| Exercise |
Take the entries below and reproduce exactly the portion that begins at the line containing "을왕리에서 기억에 남는" and ends at the line containing "A neutral cardstock", keeping both ends, dropping pictures, and adding nothing else.

| Records supplied |
^^^^^^^^

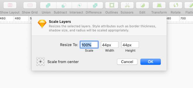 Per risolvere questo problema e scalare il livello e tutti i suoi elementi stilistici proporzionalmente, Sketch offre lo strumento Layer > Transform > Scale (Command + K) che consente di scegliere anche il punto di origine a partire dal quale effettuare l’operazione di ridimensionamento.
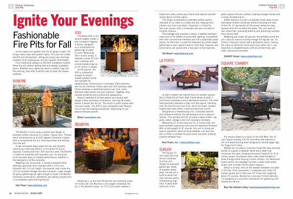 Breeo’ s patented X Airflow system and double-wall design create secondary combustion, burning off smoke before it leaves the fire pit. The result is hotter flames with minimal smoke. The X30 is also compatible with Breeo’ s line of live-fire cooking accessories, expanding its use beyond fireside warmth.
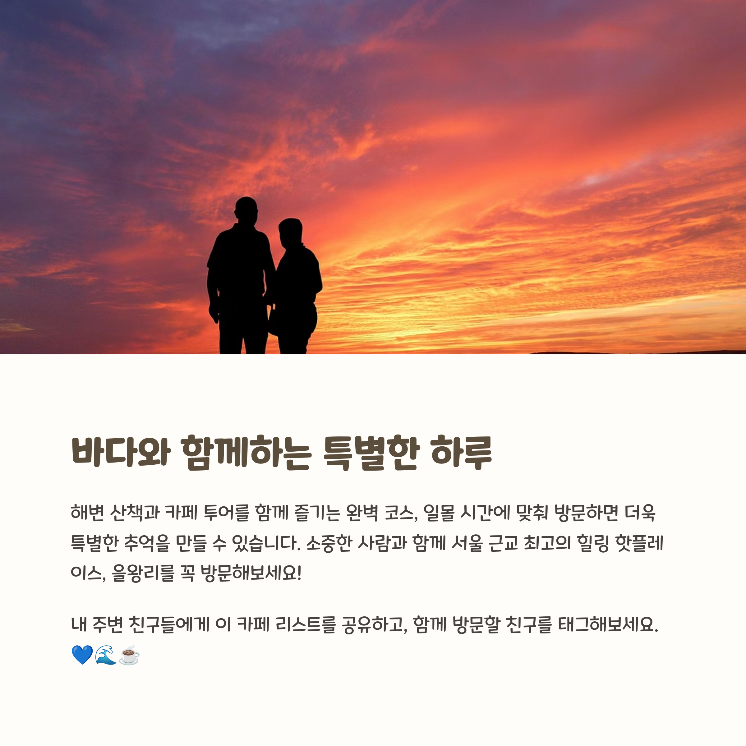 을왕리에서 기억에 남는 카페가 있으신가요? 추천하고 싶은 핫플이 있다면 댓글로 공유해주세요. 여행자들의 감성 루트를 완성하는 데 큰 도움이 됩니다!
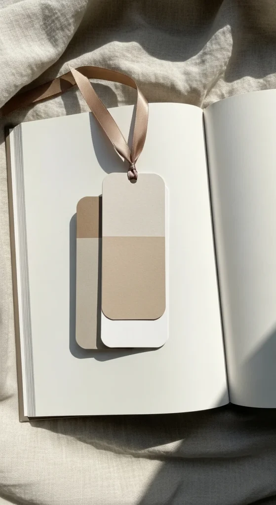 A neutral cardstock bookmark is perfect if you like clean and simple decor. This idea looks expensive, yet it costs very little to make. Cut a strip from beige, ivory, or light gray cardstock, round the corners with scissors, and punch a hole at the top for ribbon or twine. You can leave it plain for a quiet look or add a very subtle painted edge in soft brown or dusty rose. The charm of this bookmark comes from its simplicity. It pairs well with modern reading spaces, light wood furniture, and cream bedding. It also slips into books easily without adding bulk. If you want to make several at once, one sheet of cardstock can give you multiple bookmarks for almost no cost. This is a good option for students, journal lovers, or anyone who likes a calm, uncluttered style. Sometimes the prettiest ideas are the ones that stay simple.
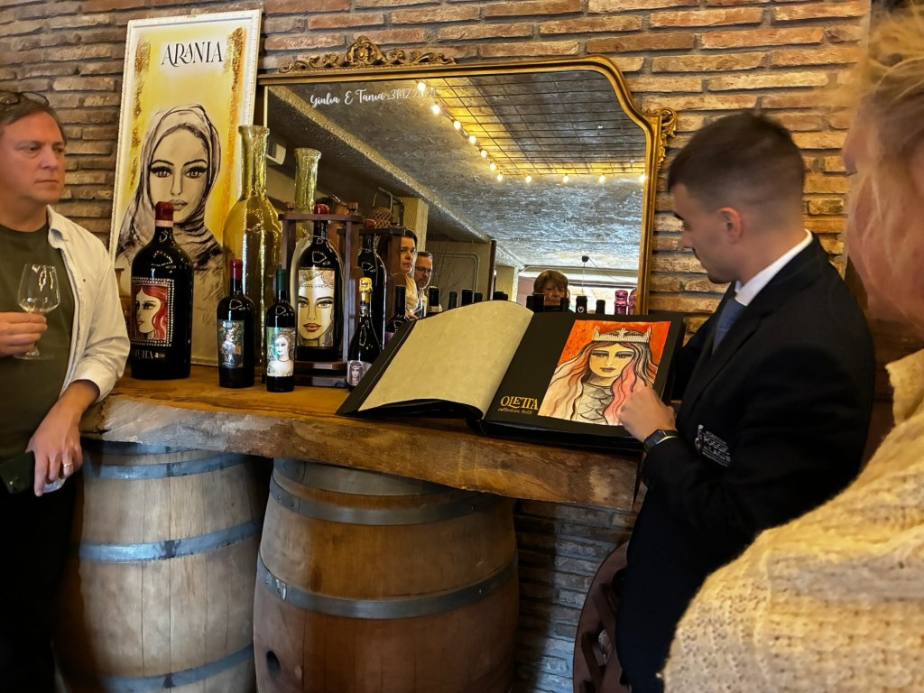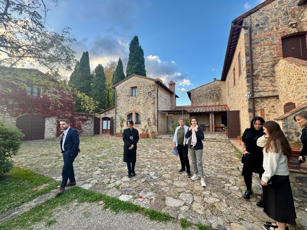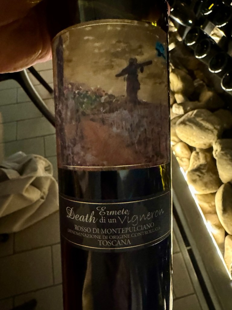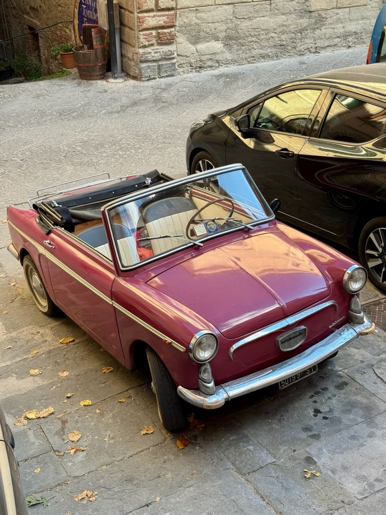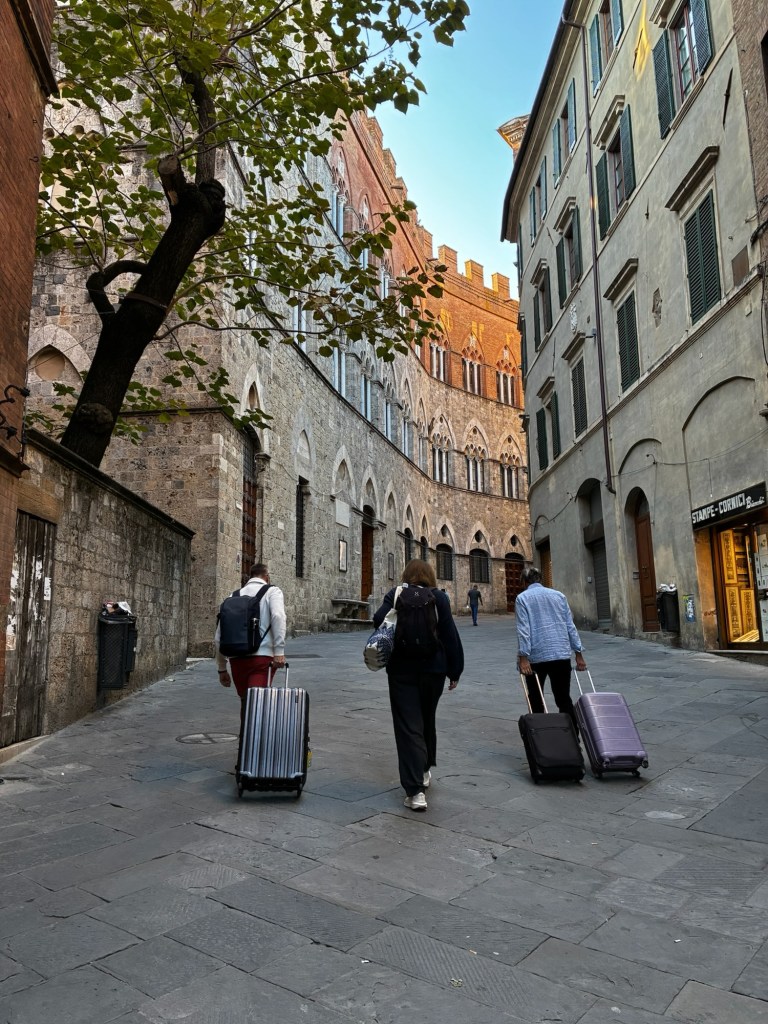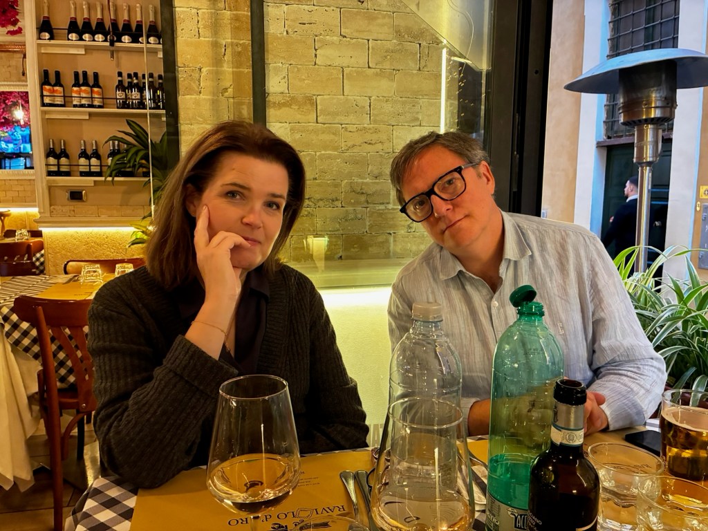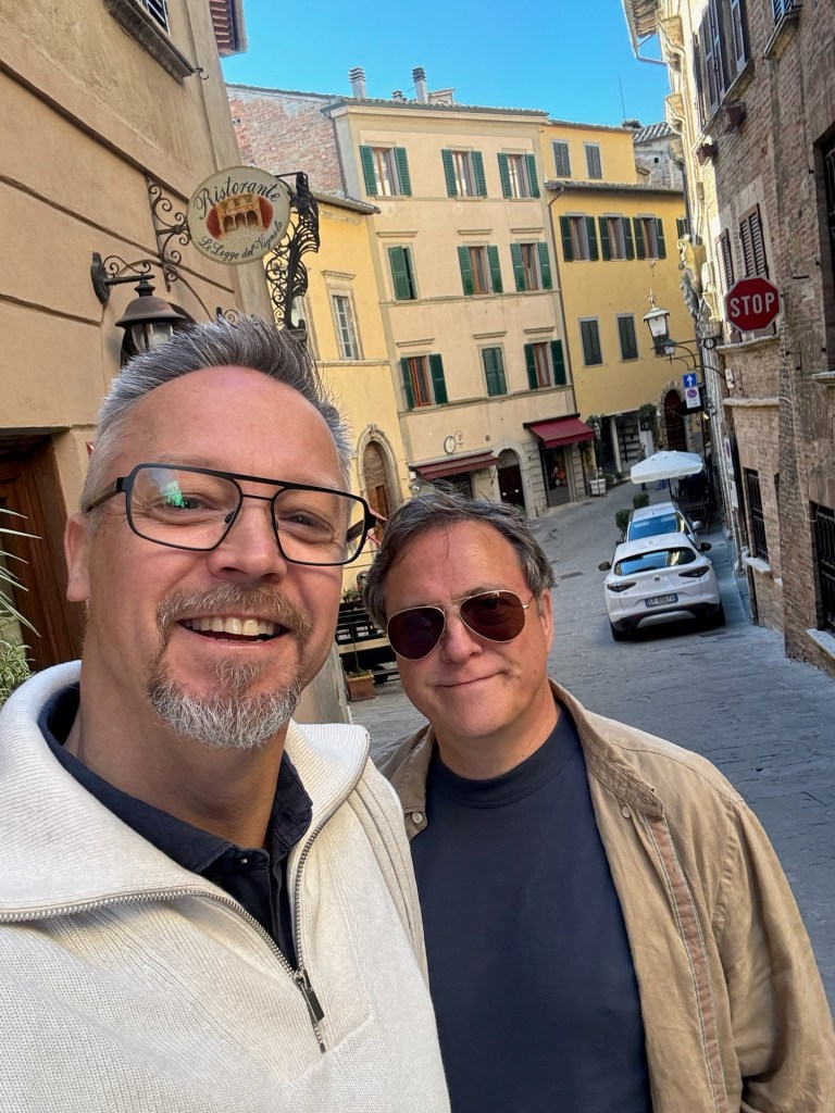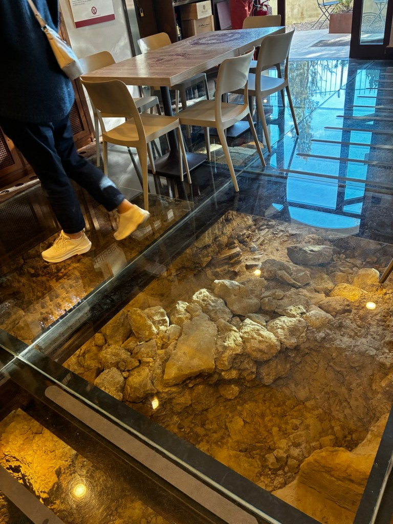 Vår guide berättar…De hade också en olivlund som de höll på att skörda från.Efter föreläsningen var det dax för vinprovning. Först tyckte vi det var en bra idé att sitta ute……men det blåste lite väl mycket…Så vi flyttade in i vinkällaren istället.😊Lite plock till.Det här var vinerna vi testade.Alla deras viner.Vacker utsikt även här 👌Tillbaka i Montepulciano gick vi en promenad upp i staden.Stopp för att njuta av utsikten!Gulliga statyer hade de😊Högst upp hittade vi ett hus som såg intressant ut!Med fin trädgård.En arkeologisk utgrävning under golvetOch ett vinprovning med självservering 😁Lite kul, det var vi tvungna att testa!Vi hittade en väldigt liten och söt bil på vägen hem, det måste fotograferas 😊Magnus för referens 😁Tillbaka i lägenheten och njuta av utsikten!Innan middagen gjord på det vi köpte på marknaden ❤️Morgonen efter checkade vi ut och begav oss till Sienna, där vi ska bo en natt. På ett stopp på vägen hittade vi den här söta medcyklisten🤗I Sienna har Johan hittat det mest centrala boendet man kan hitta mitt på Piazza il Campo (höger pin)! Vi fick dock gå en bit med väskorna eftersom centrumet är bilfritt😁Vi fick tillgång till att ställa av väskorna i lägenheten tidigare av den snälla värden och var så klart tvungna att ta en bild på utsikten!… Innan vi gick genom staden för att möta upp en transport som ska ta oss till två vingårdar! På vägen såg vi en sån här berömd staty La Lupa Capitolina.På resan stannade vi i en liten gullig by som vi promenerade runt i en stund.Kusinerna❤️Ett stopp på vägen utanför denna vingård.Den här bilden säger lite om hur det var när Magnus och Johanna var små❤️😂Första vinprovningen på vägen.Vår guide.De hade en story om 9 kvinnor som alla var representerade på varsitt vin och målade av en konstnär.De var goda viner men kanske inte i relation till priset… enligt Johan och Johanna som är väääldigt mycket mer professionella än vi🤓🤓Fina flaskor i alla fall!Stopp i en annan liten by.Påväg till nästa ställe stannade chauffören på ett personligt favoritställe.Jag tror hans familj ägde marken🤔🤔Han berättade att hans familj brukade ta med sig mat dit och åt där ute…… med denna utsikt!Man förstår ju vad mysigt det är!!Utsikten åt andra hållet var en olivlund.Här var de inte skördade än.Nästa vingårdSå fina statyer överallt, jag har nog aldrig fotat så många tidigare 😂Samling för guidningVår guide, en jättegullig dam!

^^^^^^^^

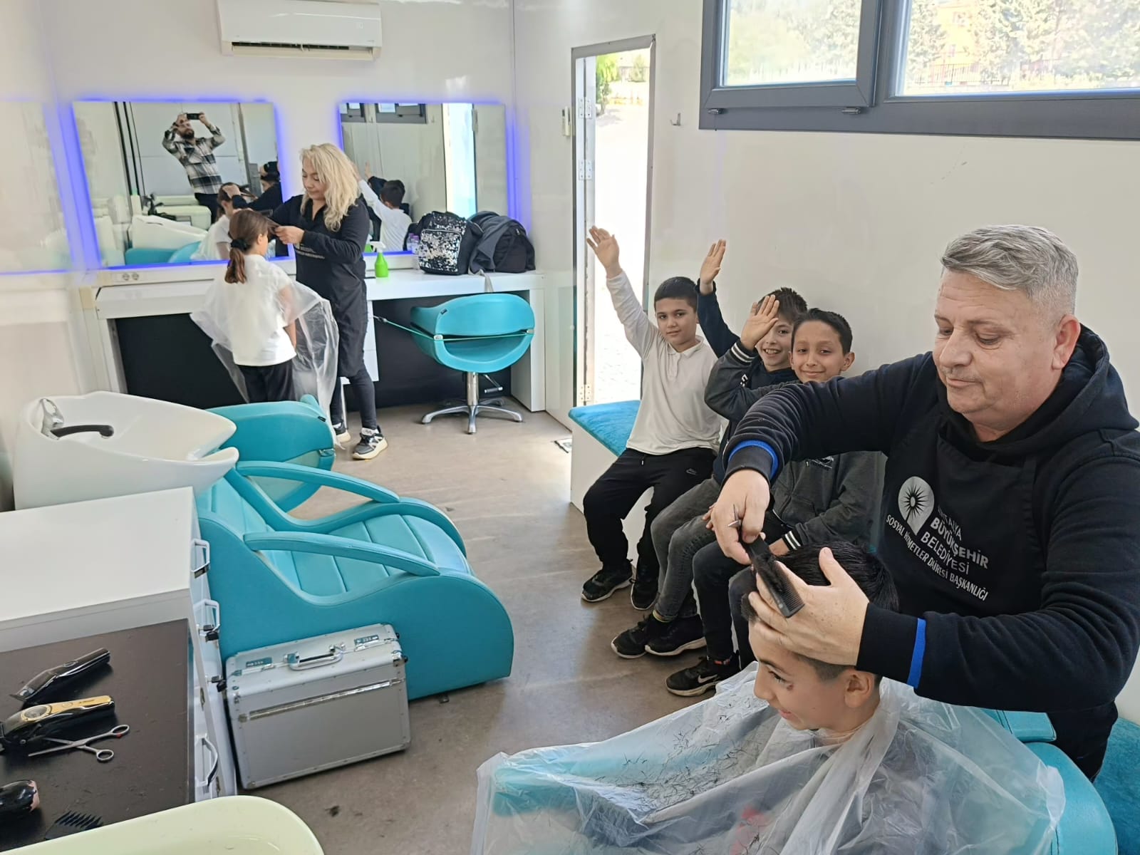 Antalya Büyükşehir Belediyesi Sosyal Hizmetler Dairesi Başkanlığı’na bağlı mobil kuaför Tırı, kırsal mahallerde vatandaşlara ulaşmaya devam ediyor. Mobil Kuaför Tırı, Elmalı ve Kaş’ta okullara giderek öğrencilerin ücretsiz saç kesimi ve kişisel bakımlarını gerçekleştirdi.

^^^^^^^^

| Output |
 을왕리에서 기억에 남는 카페가 있으신가요? 추천하고 싶은 핫플이 있다면 댓글로 공유해주세요. 여행자들의 감성 루트를 완성하는 데 큰 도움이 됩니다!
 A neutral cardstock bookmark is perfect if you like clean and simple decor. This idea looks expensive, yet it costs very little to make. Cut a strip from beige, ivory, or light gray cardstock, round the corners with scissors, and punch a hole at the top for ribbon or twine. You can leave it plain for a quiet look or add a very subtle painted edge in soft brown or dusty rose. The charm of this bookmark comes from its simplicity. It pairs well with modern reading spaces, light wood furniture, and cream bedding. It also slips into books easily without adding bulk. If you want to make several at once, one sheet of cardstock can give you multiple bookmarks for almost no cost. This is a good option for students, journal lovers, or anyone who likes a calm, uncluttered style. Sometimes the prettiest ideas are the ones that stay simple.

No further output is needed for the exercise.